Data for this exercise >>
= = = =

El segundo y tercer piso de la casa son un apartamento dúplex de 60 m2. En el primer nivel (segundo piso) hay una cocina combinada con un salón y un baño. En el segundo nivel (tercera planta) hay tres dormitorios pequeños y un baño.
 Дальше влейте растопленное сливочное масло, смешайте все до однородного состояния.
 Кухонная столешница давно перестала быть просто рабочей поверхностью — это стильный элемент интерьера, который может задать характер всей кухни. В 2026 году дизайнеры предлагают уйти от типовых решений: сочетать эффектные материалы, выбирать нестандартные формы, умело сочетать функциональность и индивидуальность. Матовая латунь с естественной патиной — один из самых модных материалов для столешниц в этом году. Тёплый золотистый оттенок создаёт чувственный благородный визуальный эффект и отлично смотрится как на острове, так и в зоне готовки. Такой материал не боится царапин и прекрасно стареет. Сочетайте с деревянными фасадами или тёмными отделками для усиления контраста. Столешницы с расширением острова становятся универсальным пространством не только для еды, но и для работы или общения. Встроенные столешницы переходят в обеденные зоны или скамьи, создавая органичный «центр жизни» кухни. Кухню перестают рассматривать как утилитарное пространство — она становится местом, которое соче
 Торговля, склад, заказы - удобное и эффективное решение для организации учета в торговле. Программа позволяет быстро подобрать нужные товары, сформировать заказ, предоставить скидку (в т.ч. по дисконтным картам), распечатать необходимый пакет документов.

= = = =

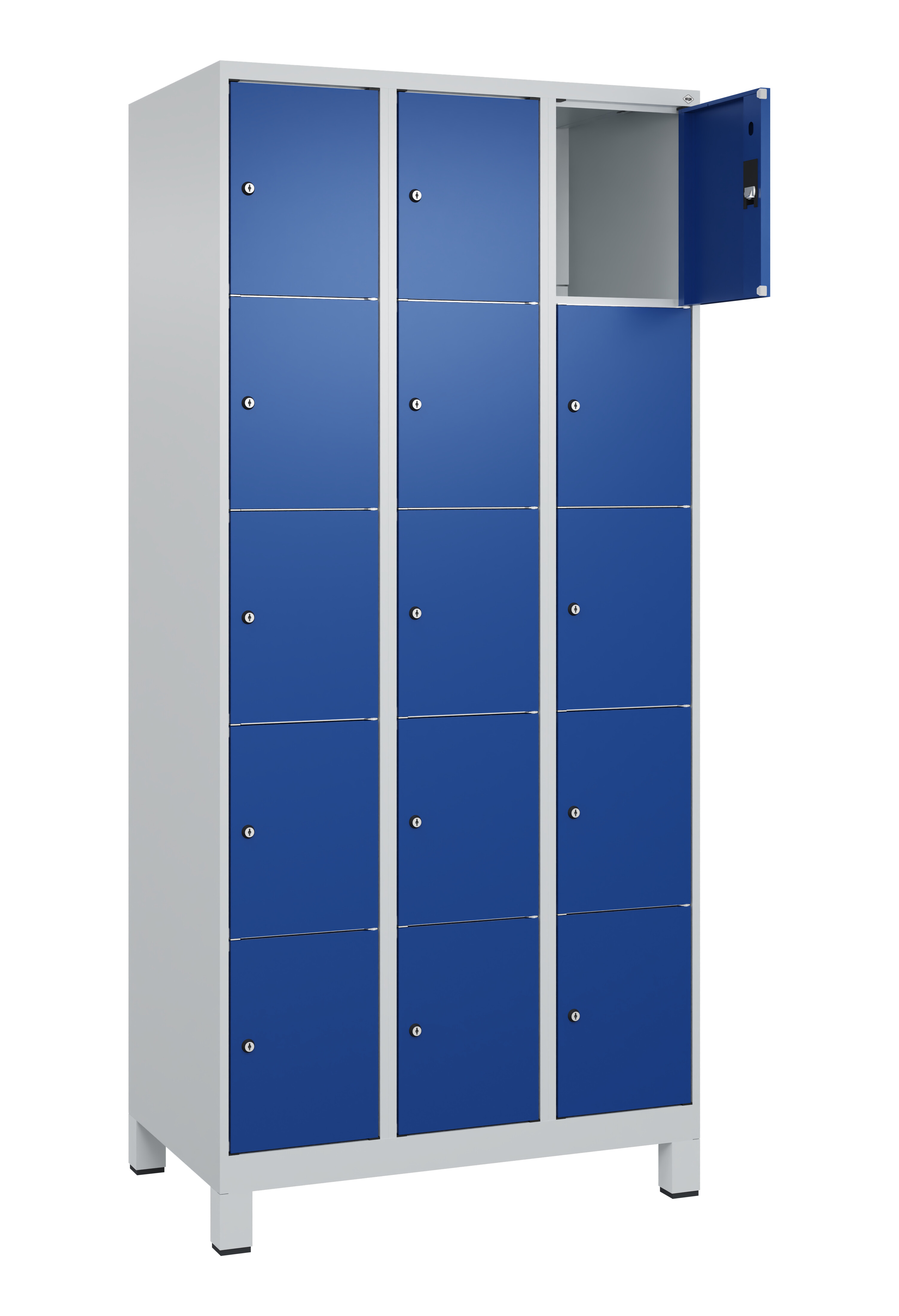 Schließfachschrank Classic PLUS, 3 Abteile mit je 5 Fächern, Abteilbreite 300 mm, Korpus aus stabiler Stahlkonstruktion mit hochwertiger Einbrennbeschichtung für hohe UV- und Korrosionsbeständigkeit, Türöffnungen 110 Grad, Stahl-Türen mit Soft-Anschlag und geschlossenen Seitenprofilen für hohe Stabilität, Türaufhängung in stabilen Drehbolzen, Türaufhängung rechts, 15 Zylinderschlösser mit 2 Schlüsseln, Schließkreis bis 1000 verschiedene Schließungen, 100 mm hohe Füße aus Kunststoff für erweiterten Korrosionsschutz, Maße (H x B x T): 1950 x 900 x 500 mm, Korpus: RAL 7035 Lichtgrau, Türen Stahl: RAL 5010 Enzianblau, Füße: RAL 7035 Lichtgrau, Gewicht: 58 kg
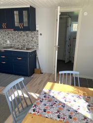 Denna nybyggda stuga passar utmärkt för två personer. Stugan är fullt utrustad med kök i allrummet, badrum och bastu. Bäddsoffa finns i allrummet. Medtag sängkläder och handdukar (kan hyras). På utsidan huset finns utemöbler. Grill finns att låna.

= = = =

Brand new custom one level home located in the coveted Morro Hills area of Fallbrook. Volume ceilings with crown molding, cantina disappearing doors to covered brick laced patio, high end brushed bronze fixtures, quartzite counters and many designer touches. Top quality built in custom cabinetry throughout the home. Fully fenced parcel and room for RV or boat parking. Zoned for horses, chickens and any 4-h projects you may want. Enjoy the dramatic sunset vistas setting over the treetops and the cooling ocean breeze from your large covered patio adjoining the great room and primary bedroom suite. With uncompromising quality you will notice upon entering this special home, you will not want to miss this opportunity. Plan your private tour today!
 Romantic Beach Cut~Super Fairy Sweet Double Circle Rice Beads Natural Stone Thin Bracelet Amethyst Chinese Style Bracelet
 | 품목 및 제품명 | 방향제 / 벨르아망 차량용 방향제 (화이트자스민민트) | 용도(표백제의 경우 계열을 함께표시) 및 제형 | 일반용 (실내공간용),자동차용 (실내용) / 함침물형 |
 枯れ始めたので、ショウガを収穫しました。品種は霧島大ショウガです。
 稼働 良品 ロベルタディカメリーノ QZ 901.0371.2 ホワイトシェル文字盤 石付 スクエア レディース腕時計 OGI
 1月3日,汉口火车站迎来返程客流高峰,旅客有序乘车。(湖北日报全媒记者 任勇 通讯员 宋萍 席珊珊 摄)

= = = =

Work task >> After locating the line with "El segundo y" above, return that line and every later line through the one with "Дальше влейте растопленное", word for word and with nothing else.

Finished exercise >>
El segundo y tercer piso de la casa son un apartamento dúplex de 60 m2. En el primer nivel (segundo piso) hay una cocina combinada con un salón y un baño. En el segundo nivel (tercera planta) hay tres dormitorios pequeños y un baño.
 Дальше влейте растопленное сливочное масло, смешайте все до однородного состояния.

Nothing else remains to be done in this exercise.